Por Matthew E. Levison, MD, Drexel University College of Medicine;Drexel University

As bactérias são organismos microscópicos unicelulares. Há milhares de tipos diferentes, e elas vivem em todos os ambientes concebíveis em todo o mundo. Elas vivem no solo, na água do mar e nas profundezas da crosta da Terra. Há relato de que algumas bactérias vivem até em dejetos radioativos. Algumas bactérias vivem no corpo das pessoas e animais, sobre a pele, nas vias respiratórias, na boca, no tubo digestivo e nos órgãos reprodutivos e no trato urinário, muitas vezes sem causar qualquer dano.

Apenas alguns tipos de bactérias causam doenças. Elas são chamadas de patógenos. Às vezes, bactérias que residem normalmente de forma não prejudicial no corpo causam doenças. As bactérias podem causar doença ao produzirem substâncias nocivas (toxinas), ao invadirem tecidos ou ambos.

Classificação

As bactérias podem ser classificadas de várias maneiras:

  • Nomes científicos: As bactérias, assim como outros seres vivos, são classificadas por gênero (com base em terem uma ou várias características similares) e, dentro do gênero, por espécie. O nome científico delas é por gênero seguido pela espécie (por exemplo, Clostridium botulinum). Dentro da espécie, há muitos tipos diferentes, chamados cepas. As cepas diferem na formação genética e nos componentes químicos. Às vezes, certos fármacos e vacinas são eficazes somente contra determinadas cepas.

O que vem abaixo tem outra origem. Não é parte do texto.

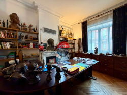 - Au rez-de-chaussée : une entrée desservant un salon/séjour aménagé en bar et bureau, une buanderie, un deuxième bureau indépendant, un WC et une cave
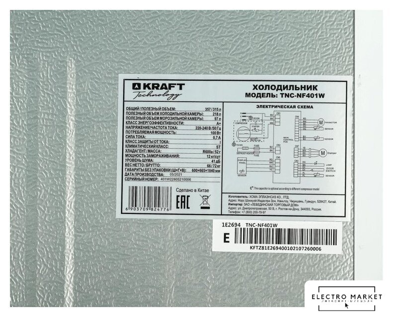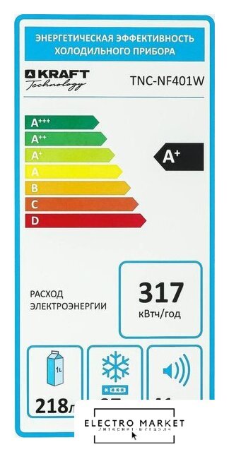 отдельностоящий, полный No Frost, электронное управление, класс A+, полезный объём: 311 л (213 + 98 л), инверторный компрессор, перенавешиваемые двери, выдвижная полка, лоток для яиц, 59.5x67.5x178 см, белый

  • Coloração: As bactérias podem ser classificadas por cor em que se transformam após certos produtos químicos (colorações) serem aplicados a elas. Uma coloração comumente usada é a coloração Gram. Algumas bactérias ficam com a coloração azul. Elas são chamadas de gram-positivas. Outras ficam com a coloração rosa. Elas são chamadas de gram-negativas. As bactérias gram-positivas e gram-negativas têm a coloração diferente porque suas paredes celulares são diferentes. Elas também causam tipos diferentes de infecções e tipos diferentes de antibióticos são eficazes contra elas.

  • Formas: Todas as bactérias podem ser classificadas como uma de três formas básicas: esferas (cocos), cilindros (bacilos) e espirais ou hélices (espiroquetas).

  • Necessidade de oxigênio: As bactérias são também classificadas pela necessidade que têm do oxigênio para viver e crescer. Aquelas que precisam de oxigênio são chamadas de aeróbicas. Aquelas que têm dificuldade de viver ou crescer quando há oxigênio são chamadas de anaeróbicas. Algumas bactérias, chamadas bactérias facultativas, podem viver e crescer com ou sem a presença de oxigênio.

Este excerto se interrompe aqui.